M’Garry summarized the events surrounding the June 16 2020 in-camera session. There was a vote to dismiss three staff members. The mayor and councillors Lawrence Bogue, André Chamaillard, and Antonios Tsourounakis had all agreed prior to the meeting to vote for dismissal. The other three councillors were surprised by the call for a dismissal vote though they opposed it. 

M’Garry noted that hiring and firing of municipal staff « is simply not the responsibility of members of council or any member of council. » That, she said, is one of the duties of either the town’s chief administrator or its human resources director. 

During her investigation M’Garry became « quite concerned » about some of incidents and details discovered concerning mayor and council dealings and interaction with municipal staff and overall management of the town. She warned that the Ministry of Municipal Affairs has dismissed elected councils before for poor management and taken over governorship of a municipality until a new council was elected. She recommended council undergo professional management training to prevent that from happening. 

« If you don’t want that (intervention) to happen, » she said, « I think that you should, even though there may not be much time left in your term, retain a professional management team and notify the ministry that you are trying to ‘get your act together’. » 

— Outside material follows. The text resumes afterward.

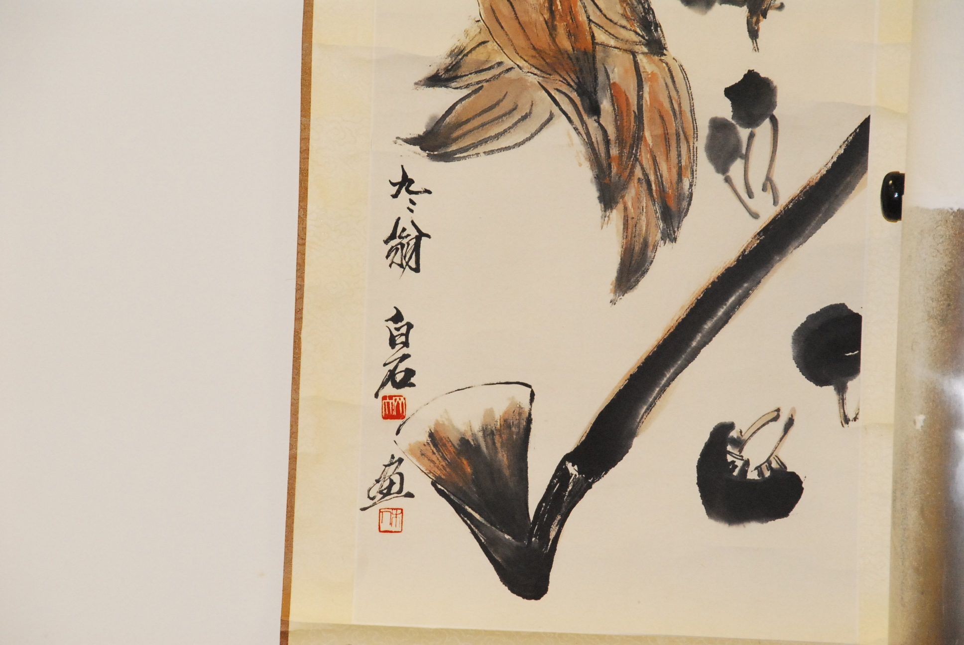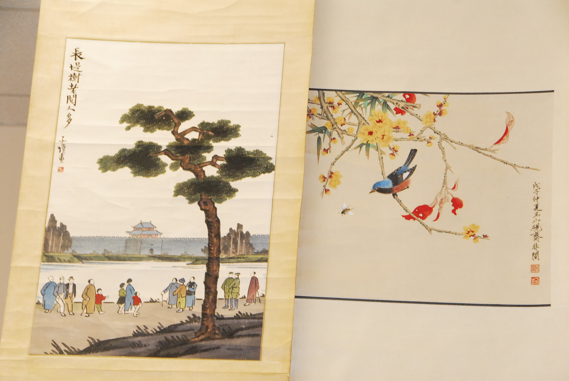 Three Oriental scrolls watercolor on paper landscape 26 x 18, watercolor on paper birds and bug 17 x 20, and watercolor on paper paint brushes 26 x 12.

Council also got a warning from Chief Administrator Dominique Dussault to do something to guarantee the protection of municipal staff from harassment by individual council members or council as a whole. 

« I am asking council to find a solution, » Dussault said, « or else I am going to go to the Ministry of Labour. This is not acceptable, neither to me nor to any of the employees.” 

Council voted 5-1 to accept the M’Garry report. Separate votes were held on the recommended sanctions. 

Three sanctions « died on the table » because no member of council would propose accepting them for a vote. Those sanctions were: that the mayor and councillors involved in the organized voting block to dismiss three staff members have to sign formal apologies, acknowledging their « misguided and inappropriate behavior” ; that council as a group work with a professional management training consultant on the leadership skills suitable for municipal government; and that council publicly reprimand the mayor for failing to abide by several sections of the Municipal Act and also the Hawkesbury Code of Conduct. 

Council tabled one recommendation for a resolution that defines who is part of the municipal management team and that any action of council in hiring or firing staff must require a two-thirds majority vote. Council will refer this to the human resources department for a legal recommendation. 

Council agreed with the last sanction. It will send a copy of the M’Garry report, and any other integrity commission review reports presented within the next six months, to the ministries of municipal affairs and of labour. Written resolutions will accompany those reports, authorizing the ministries to contact the report authors about their findings and conclusions.